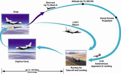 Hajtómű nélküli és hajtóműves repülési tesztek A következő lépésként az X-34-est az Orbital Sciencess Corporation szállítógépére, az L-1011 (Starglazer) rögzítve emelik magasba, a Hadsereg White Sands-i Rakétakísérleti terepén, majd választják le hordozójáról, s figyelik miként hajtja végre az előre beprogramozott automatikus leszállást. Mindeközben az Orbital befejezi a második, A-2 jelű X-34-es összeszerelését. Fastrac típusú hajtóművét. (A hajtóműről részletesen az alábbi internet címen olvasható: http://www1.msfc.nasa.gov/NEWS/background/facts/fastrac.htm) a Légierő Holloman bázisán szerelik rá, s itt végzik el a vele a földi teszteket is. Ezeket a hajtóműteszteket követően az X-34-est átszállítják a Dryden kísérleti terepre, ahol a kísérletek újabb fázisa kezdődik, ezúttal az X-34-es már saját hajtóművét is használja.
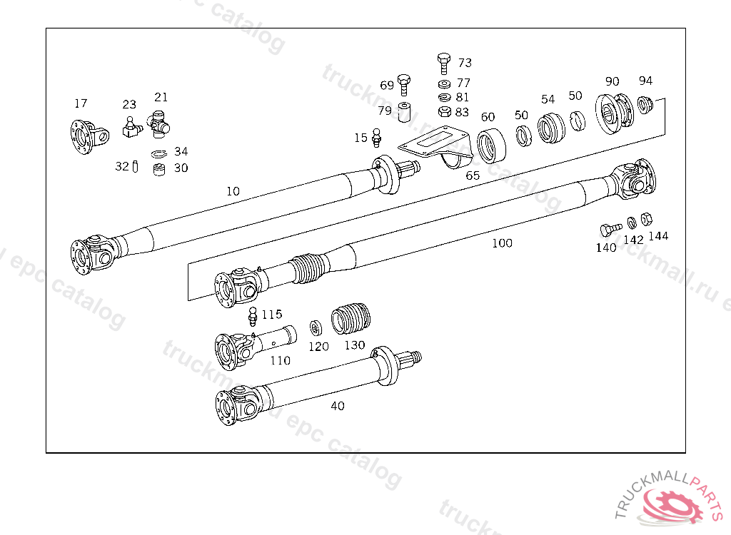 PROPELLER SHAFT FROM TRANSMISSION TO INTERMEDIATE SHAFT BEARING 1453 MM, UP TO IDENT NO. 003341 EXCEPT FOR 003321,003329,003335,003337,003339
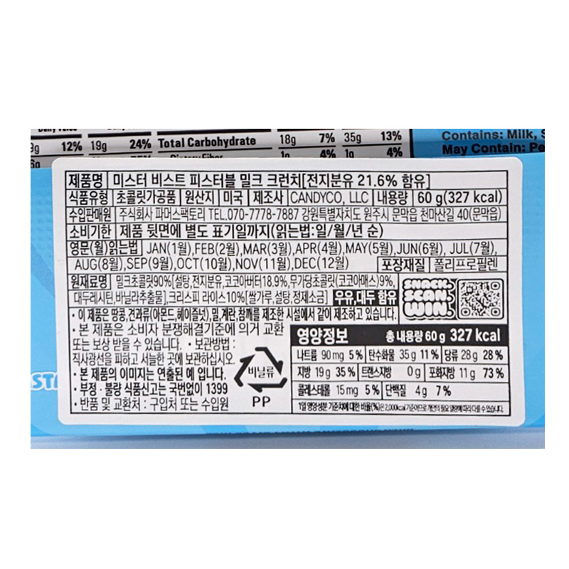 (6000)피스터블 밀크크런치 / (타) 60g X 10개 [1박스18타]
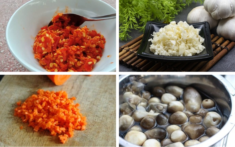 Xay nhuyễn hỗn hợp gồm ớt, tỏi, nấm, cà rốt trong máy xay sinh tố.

BRIEF
Return the listing unchanged, but drop every picture.

SOLUTION TO THE EXERCISE
 Hajtómű nélküli és hajtóműves repülési tesztek A következő lépésként az X-34-est az Orbital Sciencess Corporation szállítógépére, az L-1011 (Starglazer) rögzítve emelik magasba, a Hadsereg White Sands-i Rakétakísérleti terepén, majd választják le hordozójáról, s figyelik miként hajtja végre az előre beprogramozott automatikus leszállást. Mindeközben az Orbital befejezi a második, A-2 jelű X-34-es összeszerelését. Fastrac típusú hajtóművét. (A hajtóműről részletesen az alábbi internet címen olvasható: http://www1.msfc.nasa.gov/NEWS/background/facts/fastrac.htm) a Légierő Holloman bázisán szerelik rá, s itt végzik el a vele a földi teszteket is. Ezeket a hajtóműteszteket követően az X-34-est átszállítják a Dryden kísérleti terepre, ahol a kísérletek újabb fázisa kezdődik, ezúttal az X-34-es már saját hajtóművét is használja.
 PROPELLER SHAFT FROM TRANSMISSION TO INTERMEDIATE SHAFT BEARING 1453 MM, UP TO IDENT NO. 003341 EXCEPT FOR 003321,003329,003335,003337,003339
 (6000)피스터블 밀크크런치 / (타) 60g X 10개 [1박스18타]
 Xay nhuyễn hỗn hợp gồm ớt, tỏi, nấm, cà rốt trong máy xay sinh tố.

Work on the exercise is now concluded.